» WHAT THE TASK ASKS:
Only the lines from the one containing "Dwupalnikowa kuchenka-zlewozmywak ze" through the one containing "Ürün Ölçüleri: Genişlik" should be printed, exactly as they appear below, with both ends included.

» DATA SUPPLIED:
********************

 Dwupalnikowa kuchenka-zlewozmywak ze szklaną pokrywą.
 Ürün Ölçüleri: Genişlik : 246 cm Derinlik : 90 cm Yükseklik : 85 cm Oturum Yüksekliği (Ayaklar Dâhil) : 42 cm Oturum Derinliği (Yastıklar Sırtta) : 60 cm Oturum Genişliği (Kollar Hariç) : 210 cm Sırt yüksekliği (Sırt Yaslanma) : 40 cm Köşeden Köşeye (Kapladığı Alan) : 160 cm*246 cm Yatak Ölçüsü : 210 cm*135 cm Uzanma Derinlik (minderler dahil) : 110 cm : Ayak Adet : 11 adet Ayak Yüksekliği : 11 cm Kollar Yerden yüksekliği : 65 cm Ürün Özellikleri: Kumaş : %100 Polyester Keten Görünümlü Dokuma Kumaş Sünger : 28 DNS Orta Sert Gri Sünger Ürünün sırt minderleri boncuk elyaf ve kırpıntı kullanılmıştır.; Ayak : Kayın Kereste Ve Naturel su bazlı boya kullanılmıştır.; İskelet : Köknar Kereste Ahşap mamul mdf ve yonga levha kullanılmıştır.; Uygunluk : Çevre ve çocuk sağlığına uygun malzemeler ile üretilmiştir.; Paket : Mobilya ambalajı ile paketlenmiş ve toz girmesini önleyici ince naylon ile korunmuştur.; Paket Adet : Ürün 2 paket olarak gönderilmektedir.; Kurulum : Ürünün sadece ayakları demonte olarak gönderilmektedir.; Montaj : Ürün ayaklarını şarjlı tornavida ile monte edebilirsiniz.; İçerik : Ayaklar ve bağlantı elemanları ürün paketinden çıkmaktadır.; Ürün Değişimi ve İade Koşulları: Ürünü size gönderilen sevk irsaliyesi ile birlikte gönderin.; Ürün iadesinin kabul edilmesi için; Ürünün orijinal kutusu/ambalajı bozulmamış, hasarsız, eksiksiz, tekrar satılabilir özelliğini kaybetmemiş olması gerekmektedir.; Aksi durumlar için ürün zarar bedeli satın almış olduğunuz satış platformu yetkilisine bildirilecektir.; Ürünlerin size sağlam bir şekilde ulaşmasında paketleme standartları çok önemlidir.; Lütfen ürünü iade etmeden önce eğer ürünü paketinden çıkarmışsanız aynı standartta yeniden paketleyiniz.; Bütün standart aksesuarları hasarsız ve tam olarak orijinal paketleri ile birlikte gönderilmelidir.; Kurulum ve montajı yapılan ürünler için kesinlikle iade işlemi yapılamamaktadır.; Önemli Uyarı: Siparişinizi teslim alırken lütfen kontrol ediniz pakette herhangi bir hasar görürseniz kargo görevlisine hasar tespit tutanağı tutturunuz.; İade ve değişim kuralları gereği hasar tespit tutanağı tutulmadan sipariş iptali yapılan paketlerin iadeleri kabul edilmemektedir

********************

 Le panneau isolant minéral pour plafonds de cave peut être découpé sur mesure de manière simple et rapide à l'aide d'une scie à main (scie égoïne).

********************

» RESPONSE AREA:
 Dwupalnikowa kuchenka-zlewozmywak ze szklaną pokrywą.
 Ürün Ölçüleri: Genişlik : 246 cm Derinlik : 90 cm Yükseklik : 85 cm Oturum Yüksekliği (Ayaklar Dâhil) : 42 cm Oturum Derinliği (Yastıklar Sırtta) : 60 cm Oturum Genişliği (Kollar Hariç) : 210 cm Sırt yüksekliği (Sırt Yaslanma) : 40 cm Köşeden Köşeye (Kapladığı Alan) : 160 cm*246 cm Yatak Ölçüsü : 210 cm*135 cm Uzanma Derinlik (minderler dahil) : 110 cm : Ayak Adet : 11 adet Ayak Yüksekliği : 11 cm Kollar Yerden yüksekliği : 65 cm Ürün Özellikleri: Kumaş : %100 Polyester Keten Görünümlü Dokuma Kumaş Sünger : 28 DNS Orta Sert Gri Sünger Ürünün sırt minderleri boncuk elyaf ve kırpıntı kullanılmıştır.; Ayak : Kayın Kereste Ve Naturel su bazlı boya kullanılmıştır.; İskelet : Köknar Kereste Ahşap mamul mdf ve yonga levha kullanılmıştır.; Uygunluk : Çevre ve çocuk sağlığına uygun malzemeler ile üretilmiştir.; Paket : Mobilya ambalajı ile paketlenmiş ve toz girmesini önleyici ince naylon ile korunmuştur.; Paket Adet : Ürün 2 paket olarak gönderilmektedir.; Kurulum : Ürünün sadece ayakları demonte olarak gönderilmektedir.; Montaj : Ürün ayaklarını şarjlı tornavida ile monte edebilirsiniz.; İçerik : Ayaklar ve bağlantı elemanları ürün paketinden çıkmaktadır.; Ürün Değişimi ve İade Koşulları: Ürünü size gönderilen sevk irsaliyesi ile birlikte gönderin.; Ürün iadesinin kabul edilmesi için; Ürünün orijinal kutusu/ambalajı bozulmamış, hasarsız, eksiksiz, tekrar satılabilir özelliğini kaybetmemiş olması gerekmektedir.; Aksi durumlar için ürün zarar bedeli satın almış olduğunuz satış platformu yetkilisine bildirilecektir.; Ürünlerin size sağlam bir şekilde ulaşmasında paketleme standartları çok önemlidir.; Lütfen ürünü iade etmeden önce eğer ürünü paketinden çıkarmışsanız aynı standartta yeniden paketleyiniz.; Bütün standart aksesuarları hasarsız ve tam olarak orijinal paketleri ile birlikte gönderilmelidir.; Kurulum ve montajı yapılan ürünler için kesinlikle iade işlemi yapılamamaktadır.; Önemli Uyarı: Siparişinizi teslim alırken lütfen kontrol ediniz pakette herhangi bir hasar görürseniz kargo görevlisine hasar tespit tutanağı tutturunuz.; İade ve değişim kuralları gereği hasar tespit tutanağı tutulmadan sipariş iptali yapılan paketlerin iadeleri kabul edilmemektedir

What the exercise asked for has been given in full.